Benefits of Amazon Bedrock

It provides access to a diverse range of foundation models sourced from leading AI startups, including AI21 Labs, Anthropic, Cohere, Meta, and Stability AI, along with Amazon Titan models.
You can experiment with different large language models (LLMs) seamlessly using Amazon Bedrock. No need for multiple API keys; just modify the model name and test your application with various prompts and configurations to identify the optimal model for your specific use case.
Amazon Bedrock doesn’t use your prompts and continuations in training AWS models or share them with third parties. Your training data is not employed in training the core Amazon Titan models or distributed externally. Additionally, other usage data, such as timestamps and account IDs, is not employed in model training. Source
You don’t need to manage infrastructure for hosting your models when deploying your application after the prototyping phase. Amazon Bedrock takes care of the hosting infrastructure, providing a seamless deployment experience.

Set Up Amazon Bedrock

To use Amazon Bedrock, start by signing up for an AWS account. Once you have successfully logged in, go to Amazon Bedrock Console and get started. Keep in mind that, by default, users do not have model access. You should request access from Model Access Page. For this application, we’re going to use “Titan Text G1 - Express” model by Amazon. Unfortunately, there is no free tier for Amazon Bedrock, therefore, you might need to provide payment information at this step.

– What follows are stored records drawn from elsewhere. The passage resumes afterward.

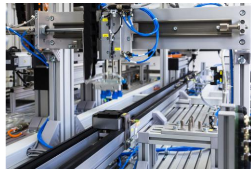
Fig. 2 Third station. Bearing cap is positioned on housing.

Station Three: Another Cartesian manipulator (Fig. 1) takes charge in this station, positioning the bearing cap onto the housing. The manipulator's precise movements guarantee a secure and accurate placement of the bearing cap.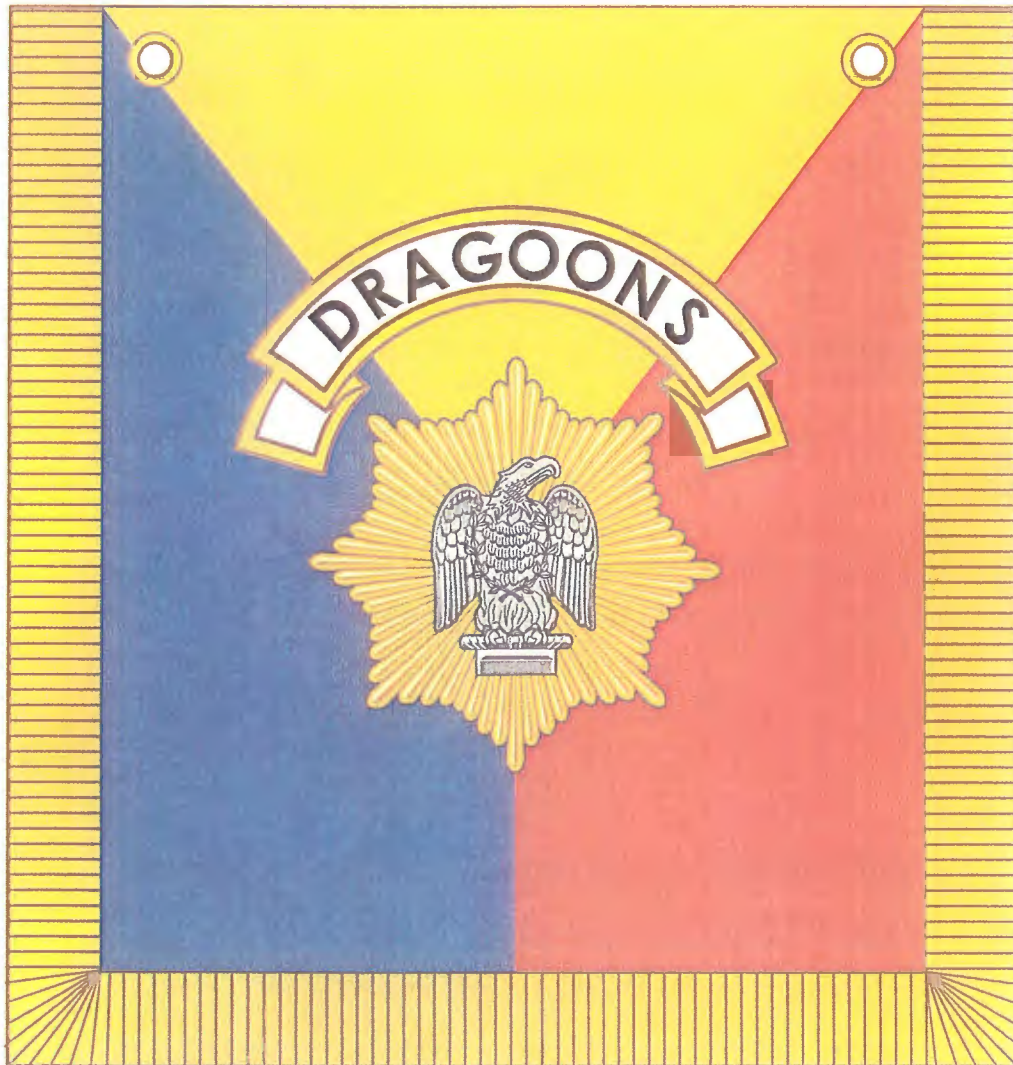
TABARD 113TH ARMY BAND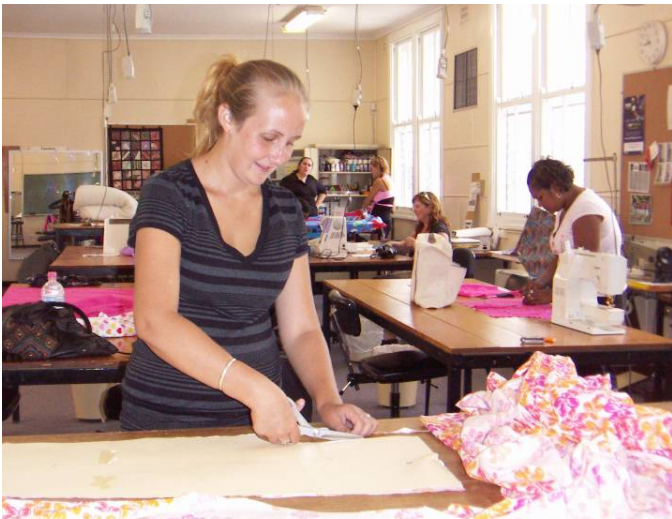
Young mothers attending TAFE Clothing Production Certificate 1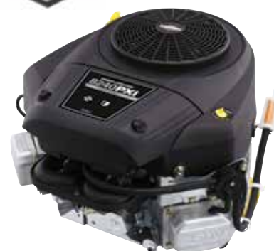
BRIGGS & STRATTON® ENGINE The Briggs & Stratton PXi engine features an oil filter and pressure lubrication.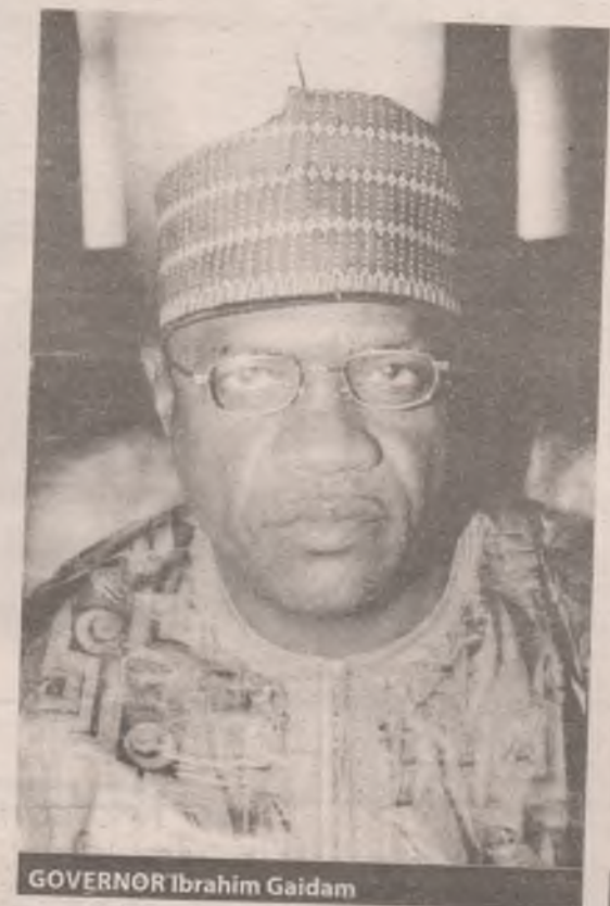
GOVERNOR Ibrahim Gaidam

Apart from this, suggestions that Gaidam along with the chair-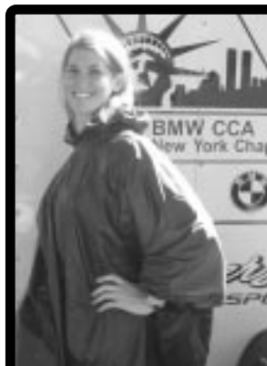
Poncho - $10 One Size Fits All Navy Chapter Logo - Rear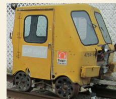
Model M19, built later up to the 1980s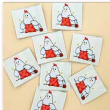
Knitty Hen Woven Labels 1¾" x 1¾"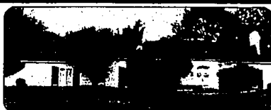
BLOOMFIELD HILLS. Outstanding 5 bedroom home completely renovated in the best of taste and materials. Exquisite new garden room and European courtyard. European gourmet kitchen pleases the fussiest chef. Remodeled master suite with granite fireplace, walk-in and wall closets and updated bath. Must see to believe! $679,900 646-6000 01-B-6211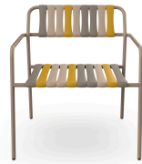
Lounge Armchair Gelato Nocciola Duna 07283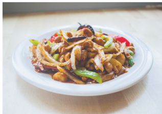
16. PAD CASHEW NUTS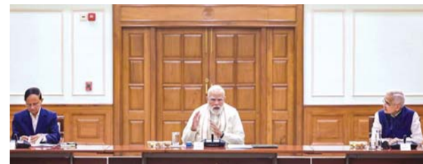
Prime Minister Narendra Modi chairing a meeting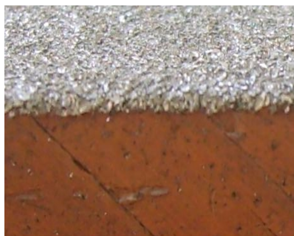
Fig.3. Example of roughness after sand blasting

Function of these parameters the roughness of the cavities surface can be varying from 400µm to 10µm. (Fig.3.).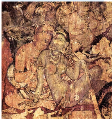
Mural Paintings, Fifth–Sixth Century C.E., Ajanta caves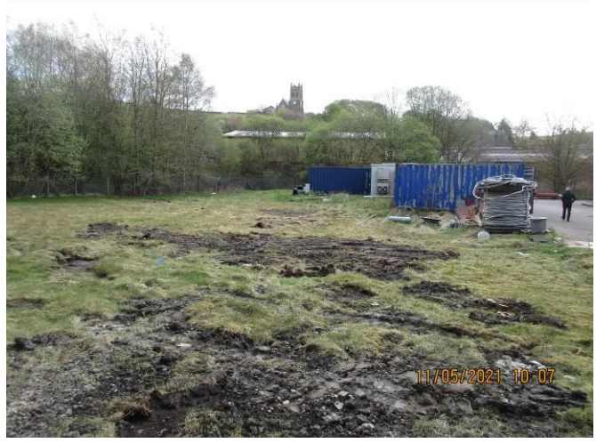
Recent ground investigation disturbance.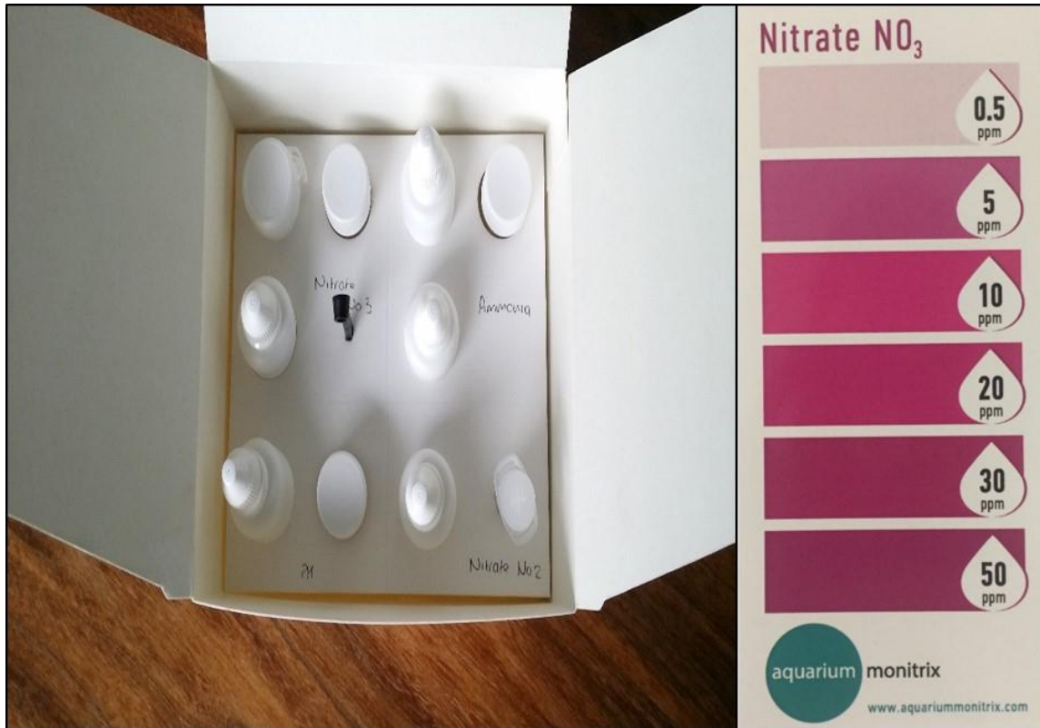
Figure B: Potential packaging design and nitrate concentration colour chart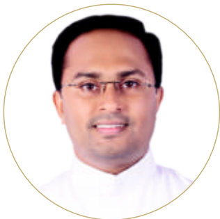
fr noble kumbiluvellil cmi anugrahalaya, hunsur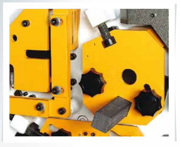
Bar Shearing Station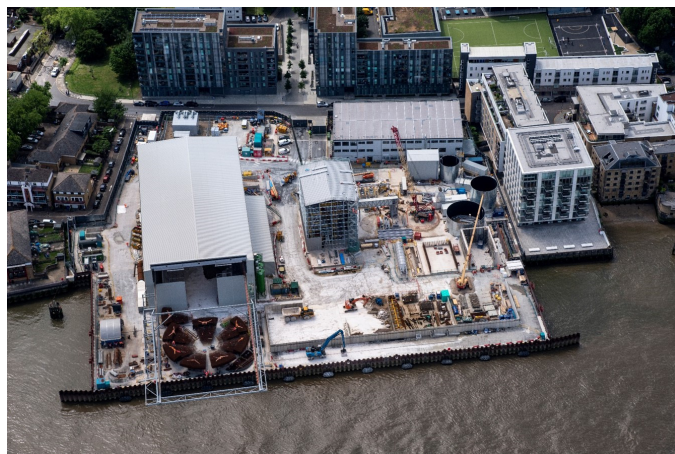
Chambers Wharf Bermondsey: location and aerial view (February 2019)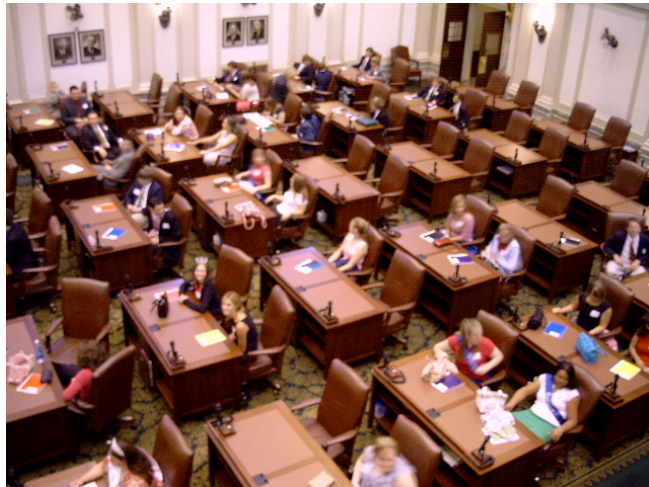
Our "legislators" hard at work at the state capitol.

Uh, where are you guys going with all those swords???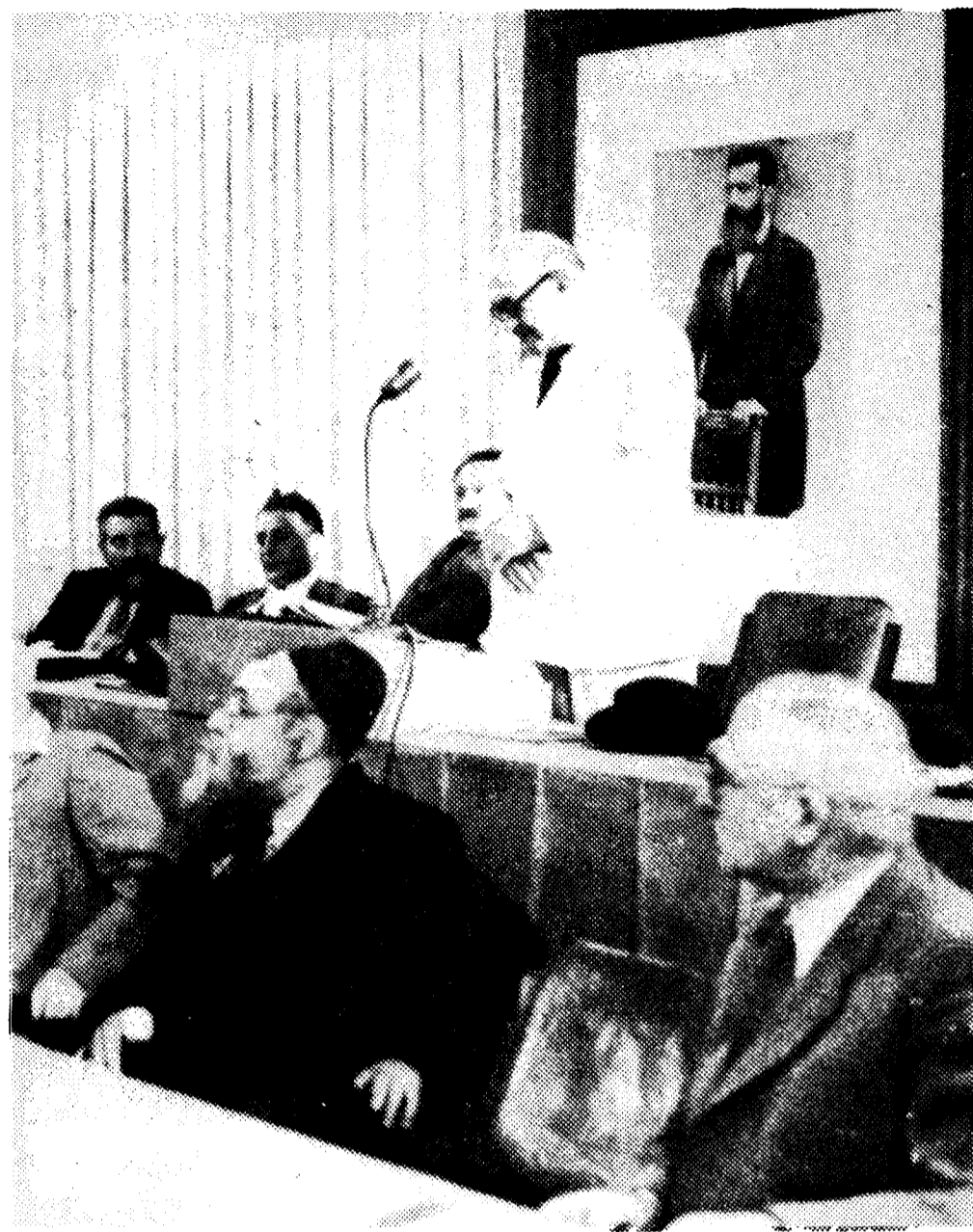
Zionist leader Chaim Weizmann addresses the Israeli Knesset, as its first president. Like Theodore Herzl, whose portrait hangs behind him, Weizmann concurred with the most vicious anti-Semites. Europe’s Jews “must meet their fate,” he said in 1937. “Only a branch will survive. They must accept it.”

Given that Benjamin Disraeli’s novels like Coningsby (1844) and Tancred (1847) were proclaiming the superiority of the Aryan-Semitic “race,” it is obvious where such “ideas” originated. Oligarchist Count de Gobineau’s Essay (1853), for example, had the following

Learn more about the process in this set up Amazon Bedrock guide.

Model access page in AWS Console with model names and an orange ‘Manage model access’ button — Manage model access

API Keys

To use Amazon Bedrock, you need aws_access_key_id, aws_secret_access_key, and indicate the aws_region_name. Once logged into your account, create the access keys in “Security Credentials” section. For detailed guidance, refer to the documentation on Managing access keys for IAM users.

User dropdown menu in AWS Console with several options including “Security Credentials” — 1- Find the access keys under ‘Security Credentials’ section

Access keys section in AWS Console, the button with text ‘Create access key’ is marked in a red box — 2- Create a new key (or use an existing one)

Retrieve Keys page in in AWS Console, giving details about the newly created keys — 3- Copy and store your **`aws_access_key_id`** and **`aws_secret_access_key`** keys before you press ‘Done’

Development Environment

Install dependencies

Let’s install Amazon Bedrock and OpenSearch integration of Haystack and pypdf package to process PDF files.

pip install opensearch-haystack amazon-bedrock-haystack pypdf

Download Files

For this application, we’ll use the user guide of Amazon Bedrock. Amazon Bedrock provides the PDF form of its guide. You can download the PDF from its source or by running the code below 👇🏼

import boto3
from botocore import UNSIGNED
from botocore.config import Config
s3 = boto3.client('s3', config=Config(signature_version=UNSIGNED))

# Download the PDF file from our s3 bucket to `/content/bedrock-documentation.pdf` directory
s3.download_file('core-engineering', 'public/blog-posts/bedrock-documentation.pdf', '/content/bedrock-documentation.pdf') #

Initialize an OpenSearch Instance

OpenSearch is a fully open-source search and analytics engine that seamlessly integrates with the Amazon OpenSearch Service, allowing you to deploy, manage, and scale your OpenSearch cluster effortlessly. To get started, install OpenSearch and launch an instance by following the detailed instructions provided in the OpenSearch documentation.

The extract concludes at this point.